Simple or am I being thick (think not) don't forget we are dealing with USA 230volt 50 amp (2 lives 1 neutral )

Loddy


----------



## olley (May 1, 2005)

Hi Loddy some RV's do stick to the 110v and not bother with a 230v ring, but I bet that effects the resale value, as most people want 230v somewhere in the RV, and not just a little plug in converter for phones etc.

Your right about the yanks using 230v x 50amp, but you won't get that here, the max you will get on any euro campsite is 16amps, so around 32amps at 110v, so any tranny/converter much over 3300watts is a waste of money.
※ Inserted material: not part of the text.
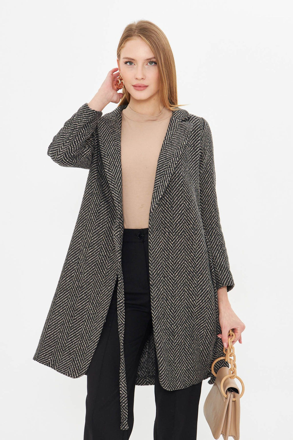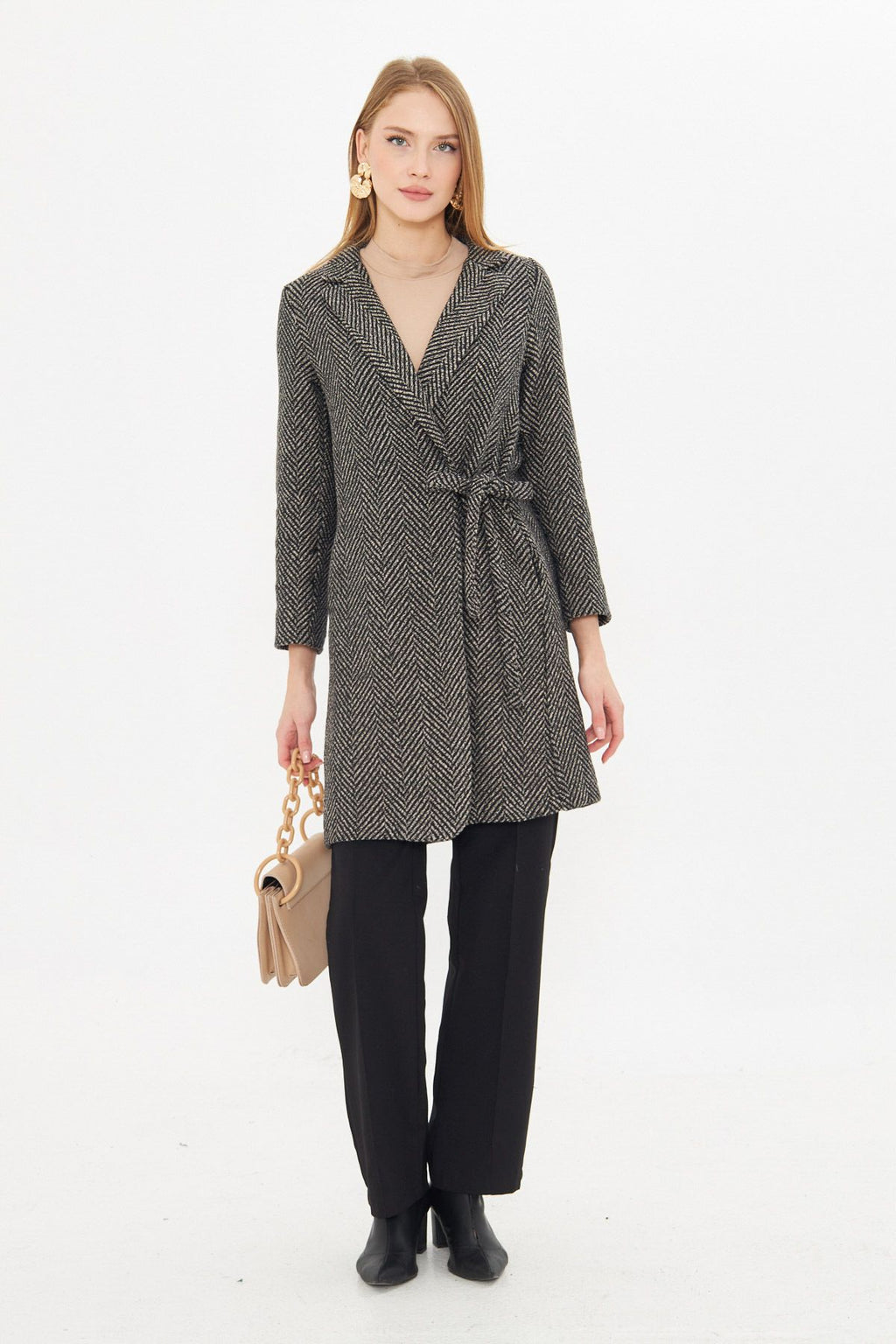 Female Mink Side-Tie Fish Pattern Pattern Long Stamp Coat ARM-24K001010

As for your appliances struggling, bit of an overstatement I feel, I have never noticed any difference running the AC on EHU or the genny, both kept the interior nice and cool abroad. Don't have a W/M but the only problem there could be the modified sine wave I believe.

Just my thoughts, its a nice bit of kit their flogging, and I do like my toyzs, but is it necessary? looking at the amount of RV's running around this country now with few problems, I doubt it. 

But then again half the toyz's I bought for mine weren't necessary. :lol: 

Olley


----------



## raynipper (Aug 4, 2008)

Beware Loddy.
The American 240 volt is centre tapped neutral. i.e. 110v higher and the other 110v lower than neutral.

I have converted several US RVs to 240 and as you say it's very possible to just bung in a transformer to feed all the 110v appliances and add some 240v outlets off the primary.

But when you have a generator is when it gets very complicated with switch over relays.

Often there are two or even three legs of 110v outlets. Sometimes you can just lift one or even two of these legs feeding the 110v outlets, change those outlets to UK 13a. and reconnect them again to the 240v primary of the trans.

The only things to be affected by the different frequency will be clocks, the microwave and air con but you should not notice it. Sometimes the 'converter/charger' might hum a little.

Ray.


----------